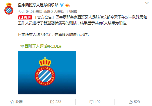 北京時間3月18日凌晨,中國球員武磊所在的西班牙人俱樂部通過微博宣佈,巴塞羅那皇家西班牙人足球俱樂部17日下午對一隊球員和工作人員進行了新型冠狀病毒的測試,結果顯示共有6人結果為陽性。西班牙人俱樂部並未透露感染者姓名。
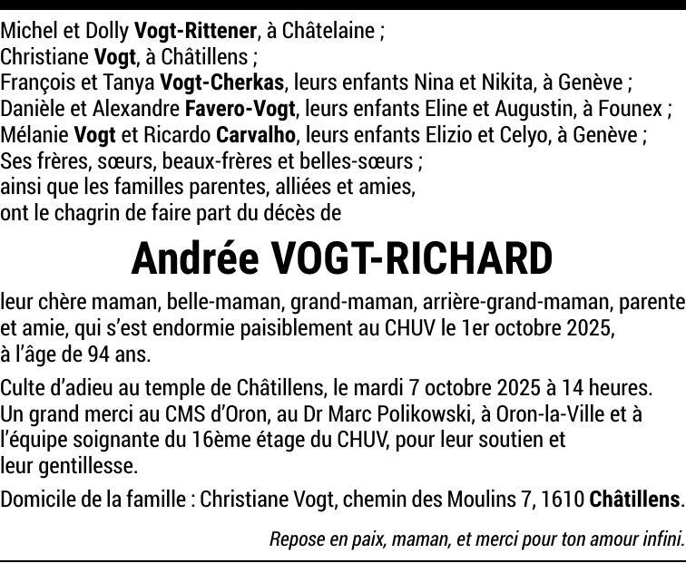 Madame Andrée VOGT-RICHARD
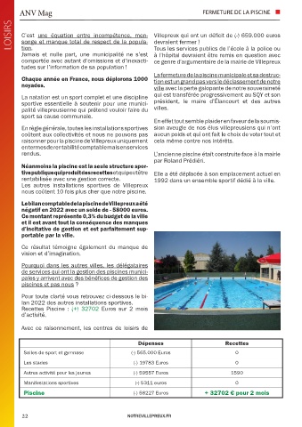 LOISIRS C’est une équation entre incompétence, men- Villepreux qui ont un déficit de (-) 659.000 euros
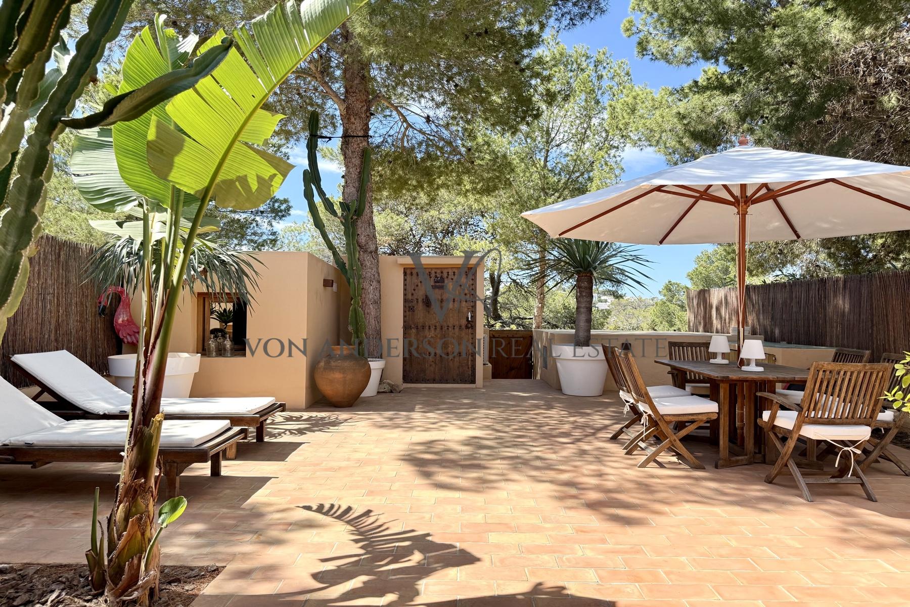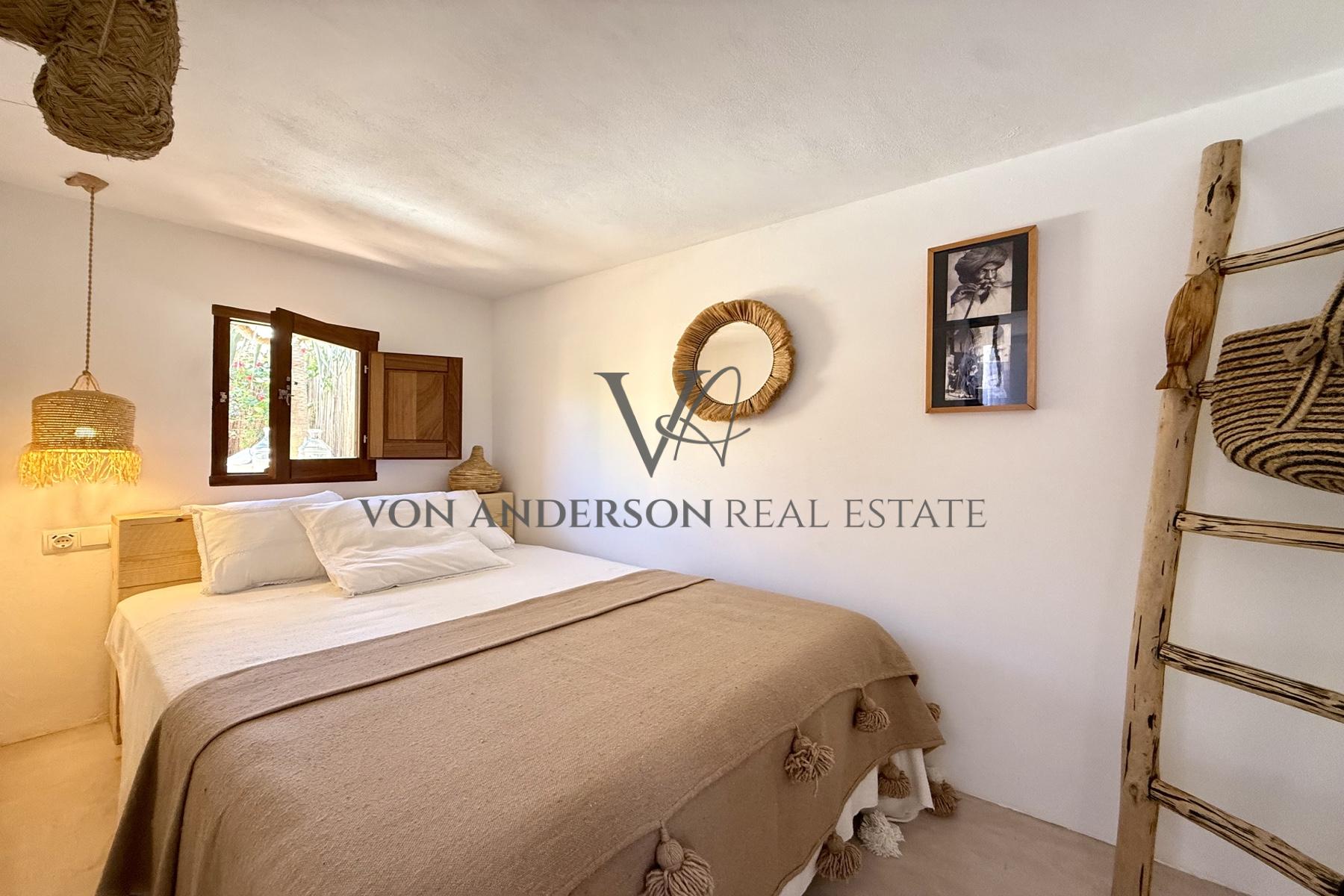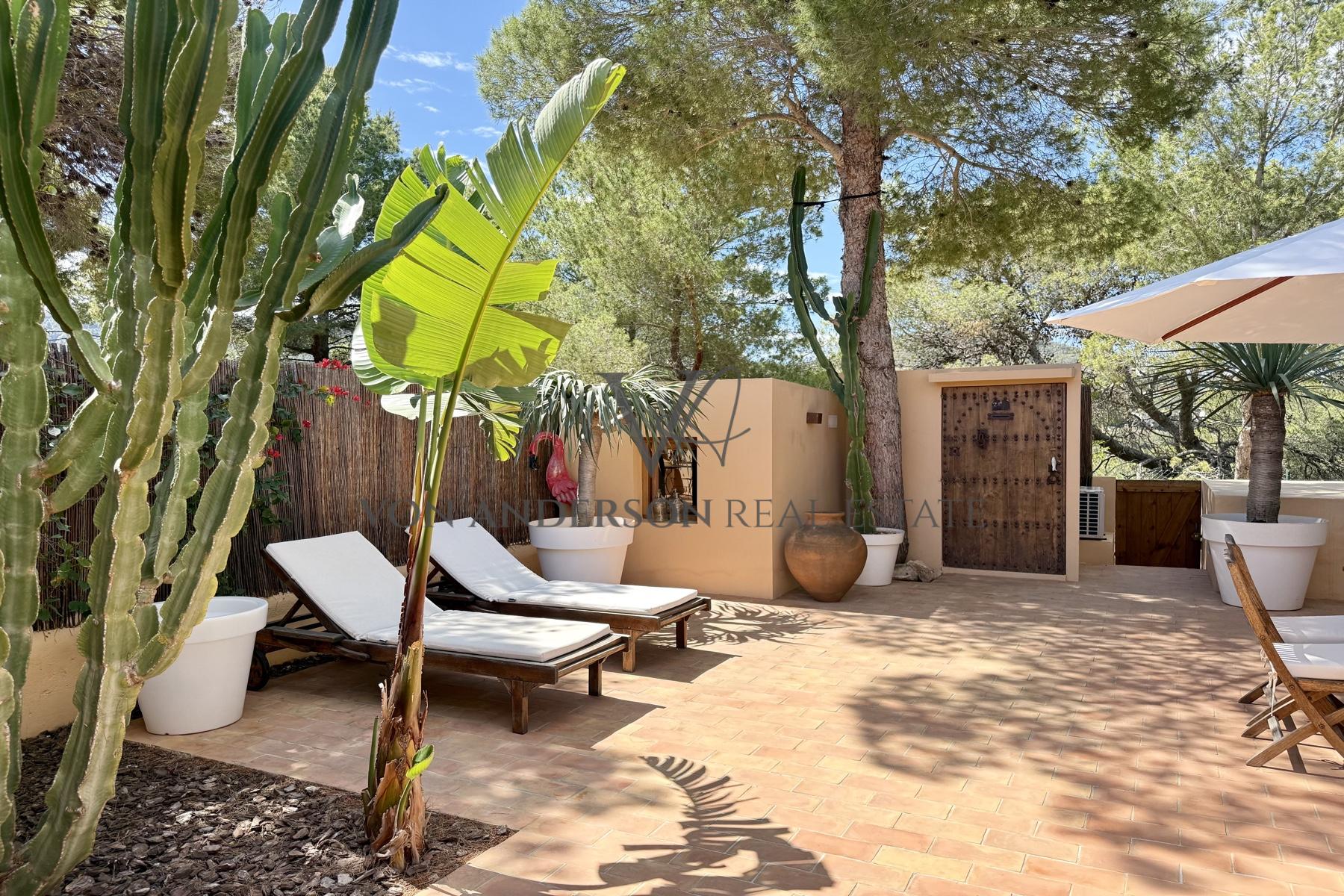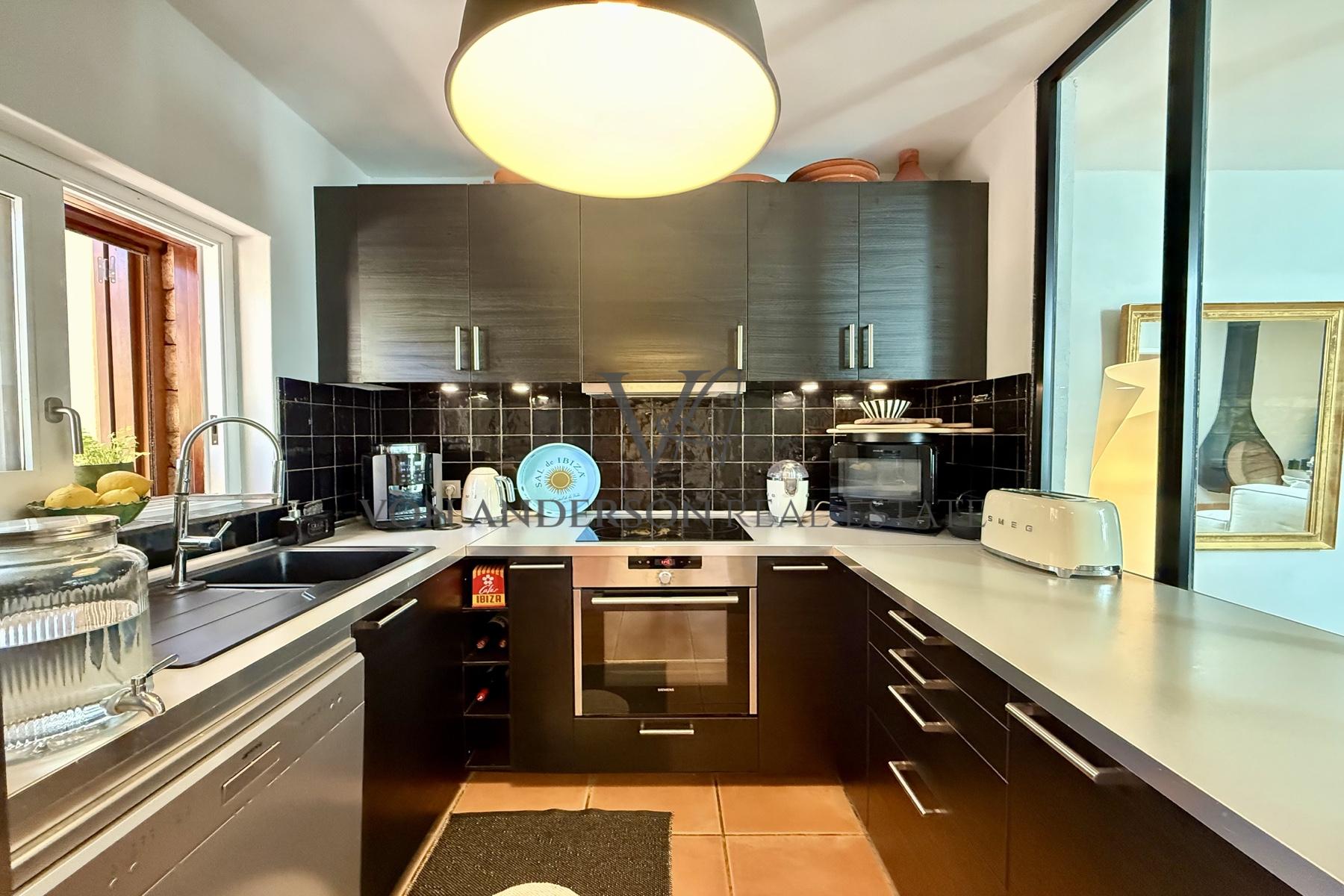 Situada entre pinos maduros, la casa disfruta de vistas al mar y de un ambiente tranquilo y privado. En el interior, un jardín de estilo mediterráneo le da la bienvenida a un espacio diáfano que combina una luminosa y moderna cocina con electrodomésticos de alta gama y un acogedor salón con chimenea. El diseño es limpio y sobrio, reflejo del espíritu relajado de Ibiza.
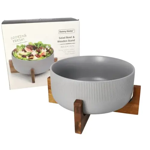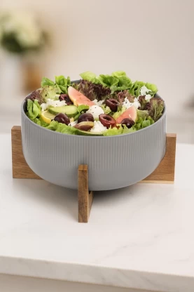 Ky tas sallate është kombinimi perfekt i funksionalitetit dhe stilit. I punuar me kujdes dhe me dizajn modern, ai është ideal për përgatitjen dhe servirjen e sallatave të freskëta. Korniza e drurit i jep një pamje natyrale dhe elegante që përshtatet me çdo ambient kuzhine apo tryezë ngrënieje.
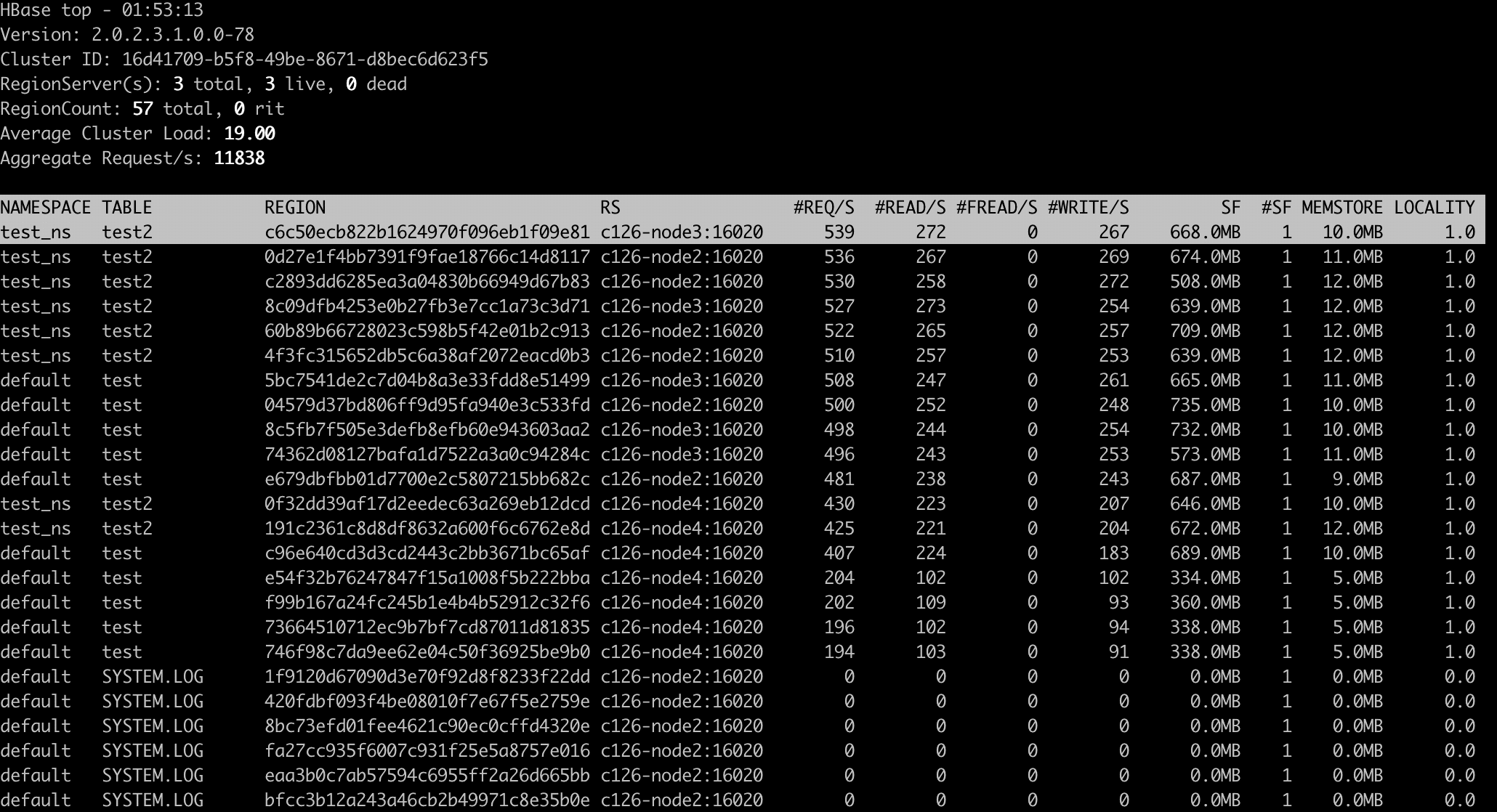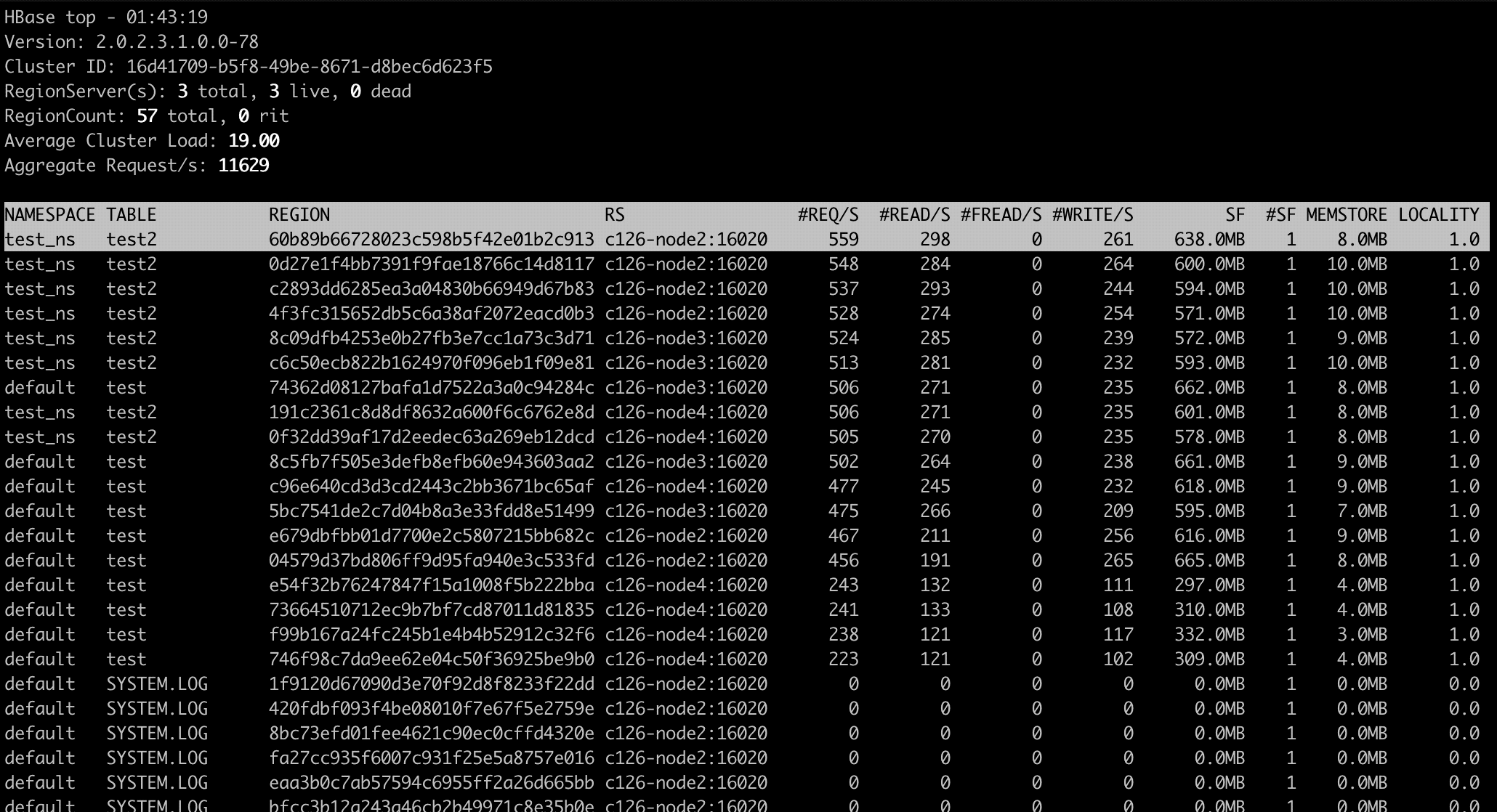 hbtop是针对HBase的实时监视工具,其模仿Unix的_top_命令。 它可以显示摘要信息和每个Region / Namespace / Table / RegionServer的各项指标。 使用此工具,你可以查看按选定字段排序的指标,并且可以过滤仅查看感兴趣的指标。此外,借助向下钻取功能,您可以挖掘热点Region。

# # # #

### What is expected
Please transcribe the lines from the one containing "Situada entre pinos" to the last line of the listing, both included, exactly and with nothing added, leaving every picture out.

### Response to the exercise
 Situada entre pinos maduros, la casa disfruta de vistas al mar y de un ambiente tranquilo y privado. En el interior, un jardín de estilo mediterráneo le da la bienvenida a un espacio diáfano que combina una luminosa y moderna cocina con electrodomésticos de alta gama y un acogedor salón con chimenea. El diseño es limpio y sobrio, reflejo del espíritu relajado de Ibiza.
 Ky tas sallate është kombinimi perfekt i funksionalitetit dhe stilit. I punuar me kujdes dhe me dizajn modern, ai është ideal për përgatitjen dhe servirjen e sallatave të freskëta. Korniza e drurit i jep një pamje natyrale dhe elegante që përshtatet me çdo ambient kuzhine apo tryezë ngrënieje.
 hbtop是针对HBase的实时监视工具,其模仿Unix的_top_命令。 它可以显示摘要信息和每个Region / Namespace / Table / RegionServer的各项指标。 使用此工具,你可以查看按选定字段排序的指标,并且可以过滤仅查看感兴趣的指标。此外,借助向下钻取功能,您可以挖掘热点Region。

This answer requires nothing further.